Barker’s penchant for using the base of crime narrative as a springboard to dark fantasy is once again in perfect evidence. Barberio, a bullet-wounded and unwittingly cancer-riddled escaped prisoner, holes up in a secret niche behind the screen of a Movie Palace; as he dies, the air around him–supercharged by the emotional energy moviegoers have projected toward the film screen over the years–catalyzes his cancer sells and revives him as the titular mutant. Like some glamor-wearing vampire, the Son of Celluloid cloaks himself in movie images and draws vitality from rapt/entrapped viewers: “I need to be looked at, or I die,” he admits. “It’s the natural state of illusions.” The result is one wildly visual (in a perfect world, David Cronenberg would have adapted Barker’s novella as an episode of Masters of Horror) and unabashedly visceral tale. In its guise as Marilyn Monroe, the monster stashes a previous victim’s eyes inside the starlet’s most private part; in its true state, this “dreaming disease” is the epitome of grotesquerie (“It was a filthy thing, a tumor grown fat on wasted passion. A parasite with the shape of a slug, and the texture of raw liver….it brought to mind something aborted, a bucket case.”). There’s substance to go with all the splatter, though, as seen in the story’s jab at Westerns. Harassed by the Son of Celluloid in the form of John Wayne, the character Ricky reacts: “This face, so mockmanly, so uncompromising, personified a handful of lethal lies–about the glories of America’s frontier origins, the morality of swift justice, the tenderness in the heart of brutes.” Nevertheless, a sense of celebration overshadows critique; Barker’s cinephilia (and wit) is splashed all across the page (my favorite moment is when the bogey quotes Bogie–“Here’s looking at you, kid”–as it manifests as “a single vast eye”). The author appears to have had great fun scripting “Son of Celluloid,” creating a delightful frightfest that fans can devour like a heaping tub of buttered popcorn.

 

10. “In the Flesh” (from Vol. 5, In the Flesh).

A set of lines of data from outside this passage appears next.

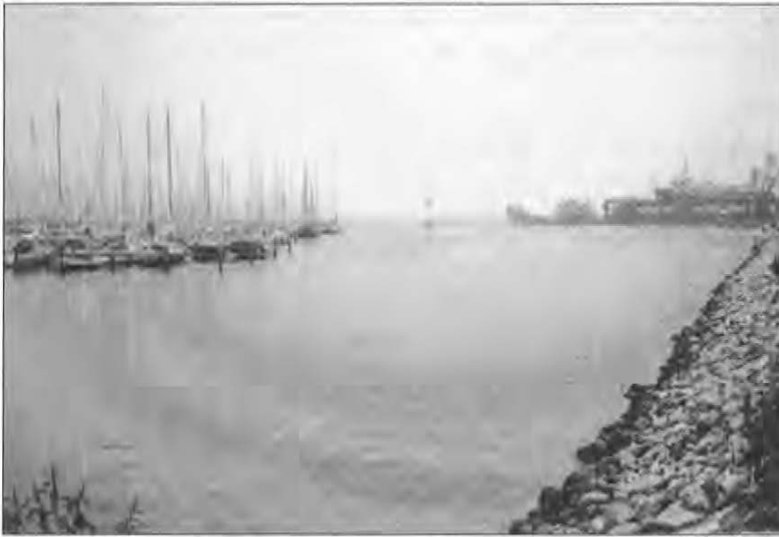
Assens havn var en af de fynske havne, som de østlige efterretningstjenester holdt øje med. Billedet er taget i 1988 af østtyske agenter. (Forsvarets Efterretningstjeneste)

hvor besætningerne var uddannede efterretningsofficerer med specifikke ordrer om at indhente en række informationer under opholdet i danske farvande. På en sådan lystbåd havde man eksempelvis »fastslået muligheden af at basere og udruste havnene i Faaborg, Svendborg, Odense og Holbæk.« 10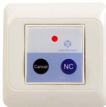
کلید اعلام کد نوزادان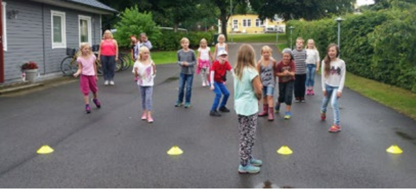
Barn från Sommarkyrkan 2015, foto: Sofia Thörn

Årets Sommarkyrka för barn går av stapeln tisdag till fredag i vecka 33. Är du född 2005-2008 så kommer du att få en inbjudan i vecka 23 hem i din brevlåda. Undrar du något redan nu så maila till barnsvenskakyrkantyringe@gmail.com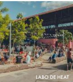
LABO DE HEAT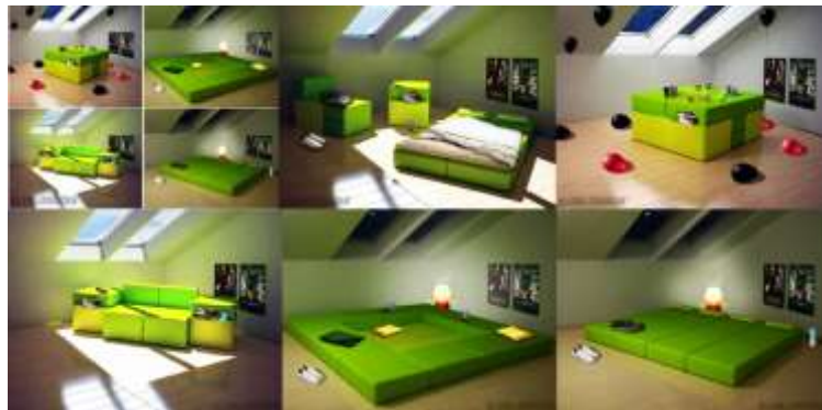
صورة(4) الأثاث المتحول يتغير شكله وحجمه ليصبح متعدد الاستخدامات كما يتطور في حاله زيادة عدد الأفراد.

يصلح الأثاث المتحول للاستخدام للأغراض المتعددة، كذلك للاستخدام في الحالة المفردة أو في حالة زيادة عدد الأفراد في الفراغ الواحد كما في صورة (4) يمكن أن تستخدم قطعة الأثاث المتحولة في عدة أشكال لعدة استخدامات مثل كبنه جلوس لشخصين يمكن تطويرها لتصبح جلسة عربية تكفي 8 أشخاص ، أو غرفة نوم لشخصين وفي حالة زيادة عدد الأفراد يمكنها أن تتطور لتكفي 4 أشخاص.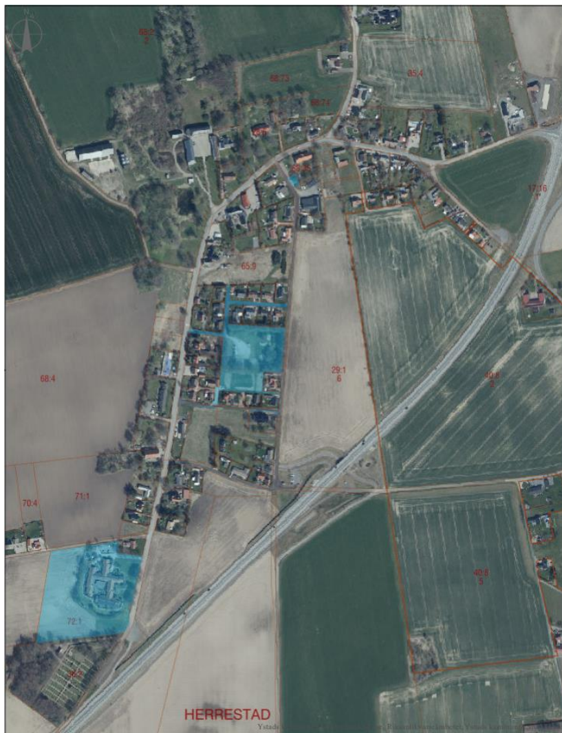
Figur 1. Blåmarkerad mark är kommunalt ägd mark.

I Stora Herrestad är en stor del av marken privatägd. Kommunen äger mark på två platser i byn: Den gamla skoltomten samt det särskilda boendet Solbacken. (Se figur 1.).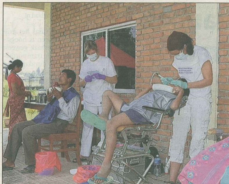
Bij de Kumarischool in het afgelegen Nepalese dorpje Kawasoti behandelen tandartsen en assistenten op eenvoudige wijze de inlandse bevolking.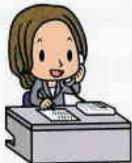
さいたま市消費生活総合センター マスコットキャラクター 相談員さん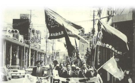
第61回メーデー【デモ行進の様子】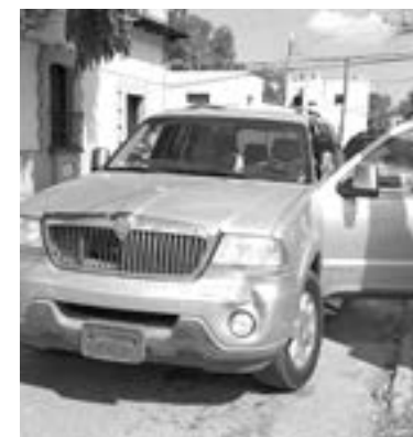
LA CAMIONETA Lincoln omitió el alto en ese cruce.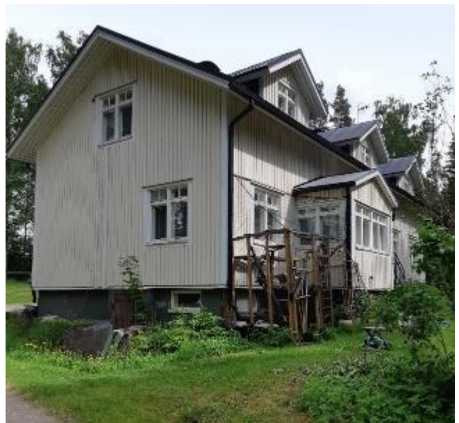
24 jälleenrakennuskauden rakennus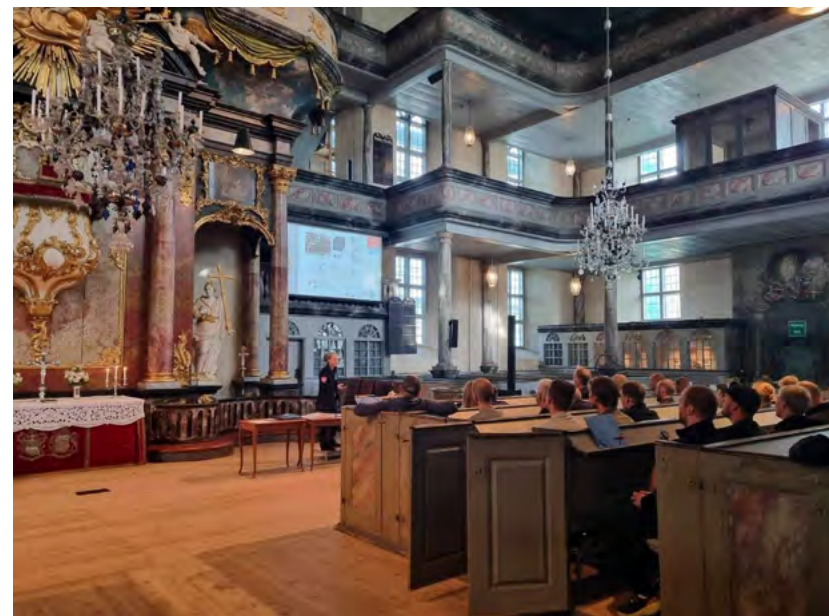
Figur 25: Representanter for Bergen brannvesen og Oslo brann og redningsetat holder jevnlig kurs for RVR-ledere i verdiberging og restverdiredning av objekter med kulturhistorisk verdi. Foto: Anne Bjørke, Bergen brannvesen; RVR-kurs i Kongsberg kirke.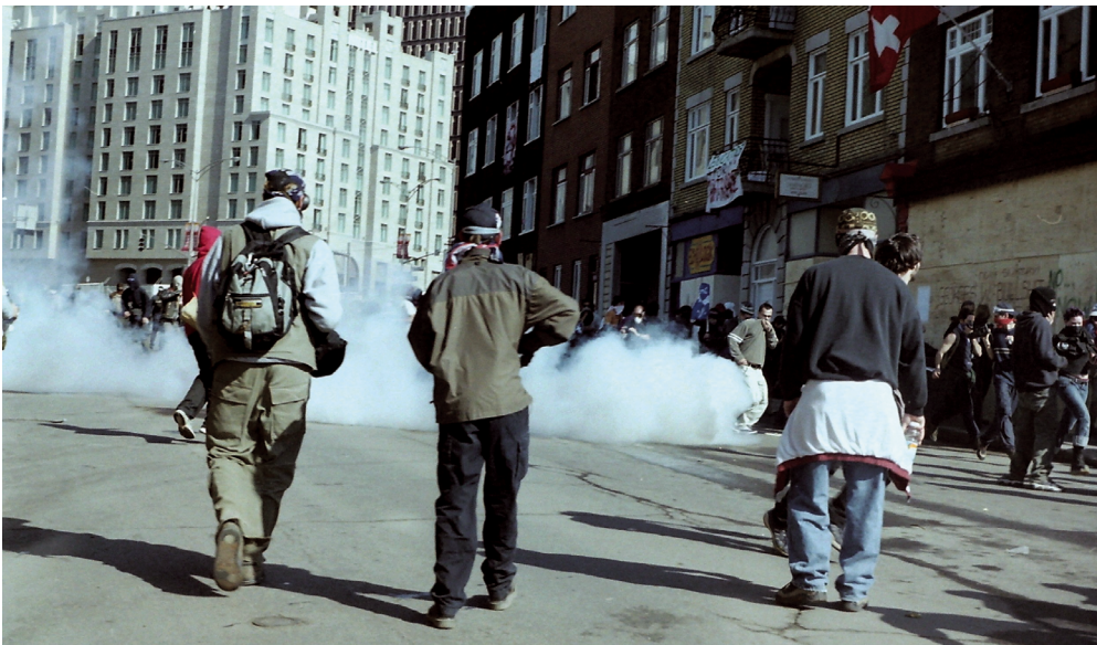
Sommet des Amériques de Québec, 2001.

B. G. : Le Sommet de Québec a cristallisé les luttes autour de l'enjeu démocratique: qui nous représente? Qui prend les décisions sur les enjeux transnationaux qui nous affectent? Les gouvernements des Amériques avaient concocté en secret, sous l'impulsion de grandes entreprises, un immense accord commercial qui permettait de marchandiser des secteurs importants de l'économie. En avril 2001, des dizaines de milliers de personnes se sont réunies à Québec pour affirmer la souveraineté du peuple, dénoncer des politiques élaborées par des responsables étatiques qui se cachaient du peuple, derrière des forces policières. Il s'agissait à la fois de dénoncer et de proposer des alternatives.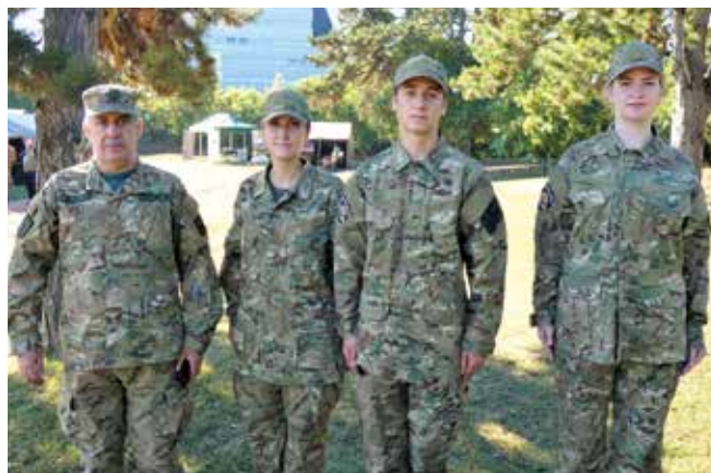
Iskolai apródképzésben részt vevők egy honvédelem napi rendezvényen

A szervezet életében jelentős dátum volt 2015, amikor a bíróság elfogadta az új alapszabályukat, így hivatalosan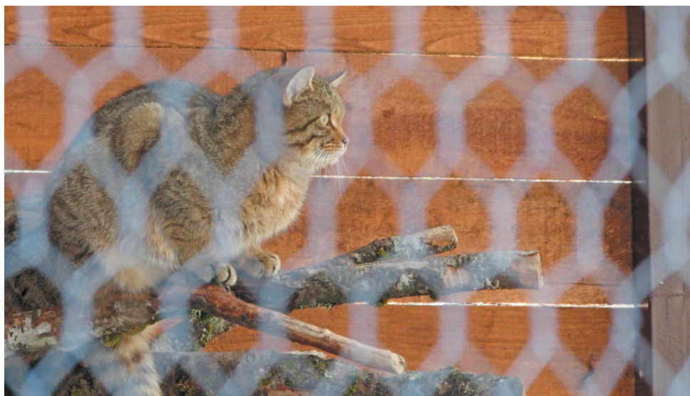
Зооуголок на Гузерипльском кордоне: лесной кот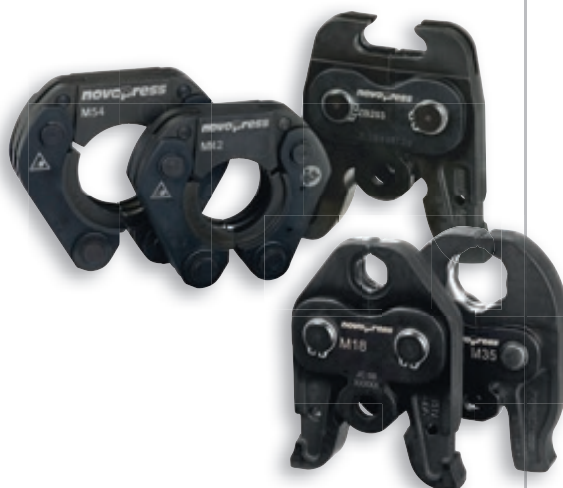
Пресс-клещи и пресс-кольца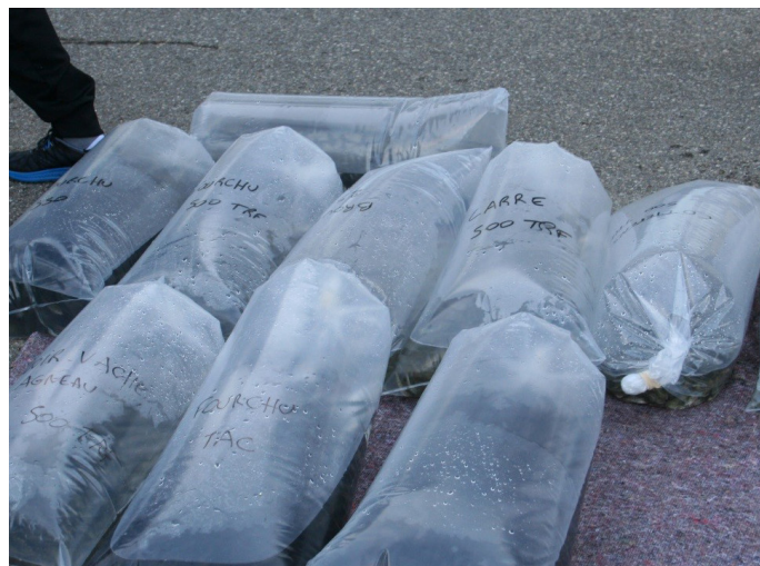
Sac d'alevins prêts à l'envoi

La Fédération remercie tous les bénévoles des AAPPMA, les salariés et les élus qui se sont mobilisés malgré une météo capricieuse.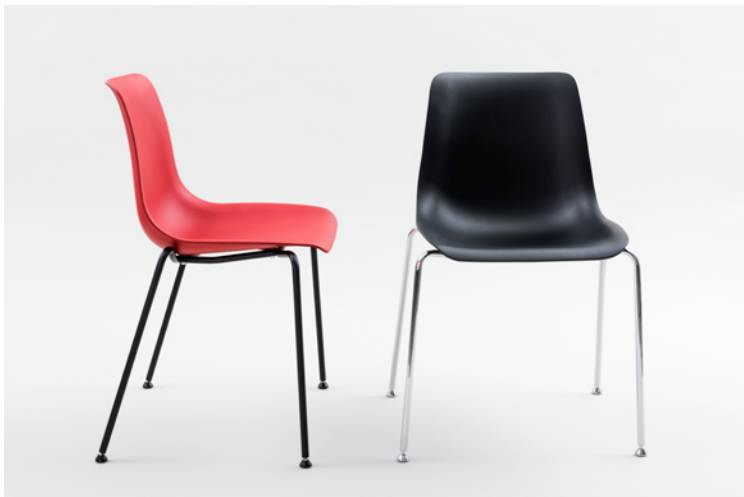
JOY_V Buche lackiert rot pulverbeschichtet schwarz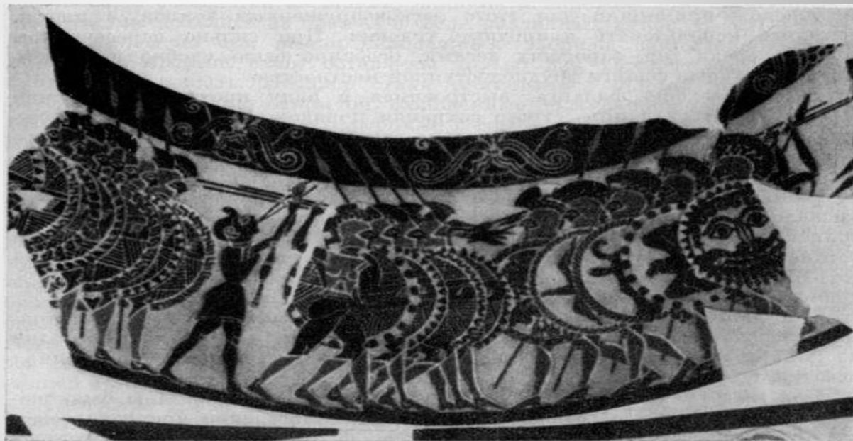
Бой фаланг. Ваза из собрания Киджи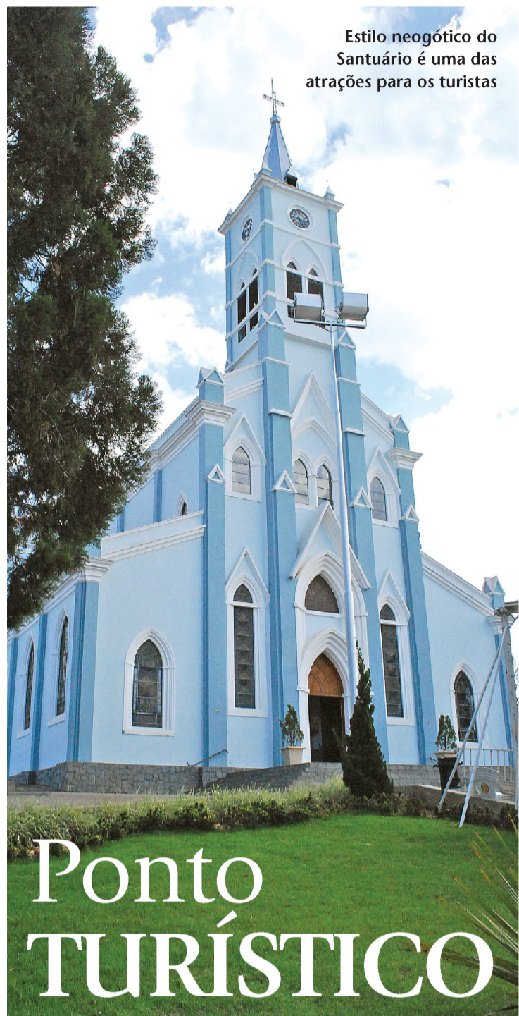
Estilo neogótico do Santuário é uma das atrações para os turistas

E4 ★ LENÇÓIS PAULISTA, TERÇA-FEIRA, 15 DE SETEMBRO DE 2009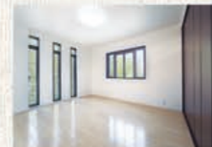
採光部を多くとり、明るい居室。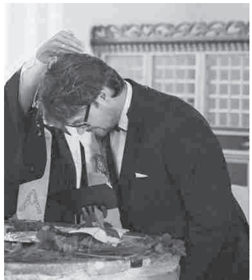
Eine Taufhandlung 22. Juli 2018

Zu Kasualien und Segenshandlungen gibt Ihnen gerne jede Pastorin / jeder Pastor Auskunft. Kontaktdaten finden sie auf Seite 33.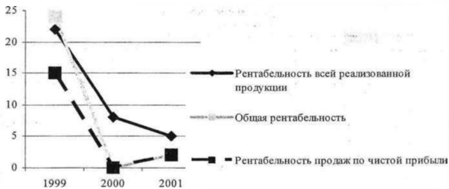
Рисунок 4.1 – Изменение показателей рентабельности продукции за 1999–2001 гг.

Примечание – Источник: собственная разработка.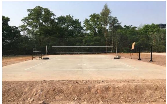
สนามตะกร้อ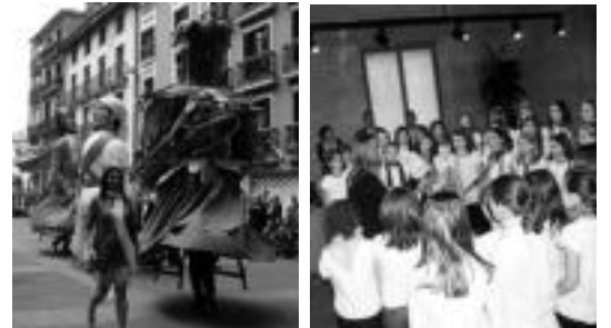
Erraldoiek eta Laskorain ikastolako abesbatzakoek ere hartu zuten parte. E. E.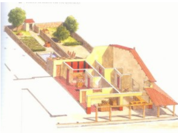
Afb. 4. Huis Voorburg

“In het noorden lijkt het vereist huizen gewelfd te maken, niet open maar zoveel mogelijk gesloten en gericht naar de warme kant.” [vi]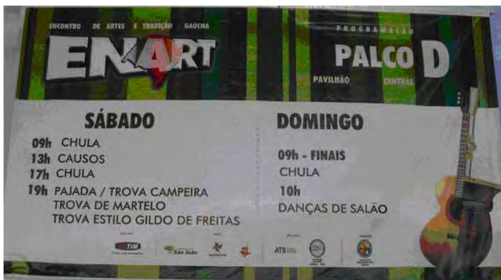
Figura 7 – Banner com a programação do evento para o palco D

arrecadam fundos para manter as atividades do Movimento Tradicionalista por todo Brasil.

The mundane is invaded by dark marvel, as the Pentonville prison becomes the site of “spiraling nightmare.” A narrow jail cell proves no safe haven from otherworldly phantoms, as well as a portal to a bizarre dream city in a desert wasteland (the “assemblage of charnel houses” is gradually revealed to be a “murderers’ metropolis”–a hellish realm where dead criminals are forced to occupy the rooms where their violent deeds were committed, and to ruminate on their mortal sins). New inmate Billy Tait, a nascent shapeshifter, has come to Pentonville hoping to make supernatural contact with his notorious grandfather Edgar, a multiple murderer who was executed and buried on the prison grounds years earlier. No willing tutor, though, the ancestral convict instead runs a con game, duping his grandson into taking his place in the necropolis so Edgar can escape into reincarnation. Billy’s cell mate, the protagonist Cleve, doesn’t fare much better. His visits to the dream city haunt him (dooming him to take up eventual residence there) even after he wins his release from Pentonville, because he’s now sensitive to the populace’s omnipresent bloodthirst: “They were everywhere, these embryonic killers, people wearing smart clothes and sunny expressions were striding the pavement and imagining, as they strode, the deaths of their employers and their spouses, of soap-opera stars and incompetent tailors. The world had murder on its mind, and [Cleve] could no longer bear its thoughts.” The novella both hearkens back to “The Book of Blood” (“I read somewhere: The dead have highways,” Billy tells Cleve. “You ever hear that? Well…they have cities, too.”) and looks forward, in its concerns with crime and punishment, with infernal debt and its discharge, to The Damnation Game. Sinister-toned and creepy to the extreme, “In the Flesh” constitutes a masterwork of horripilation.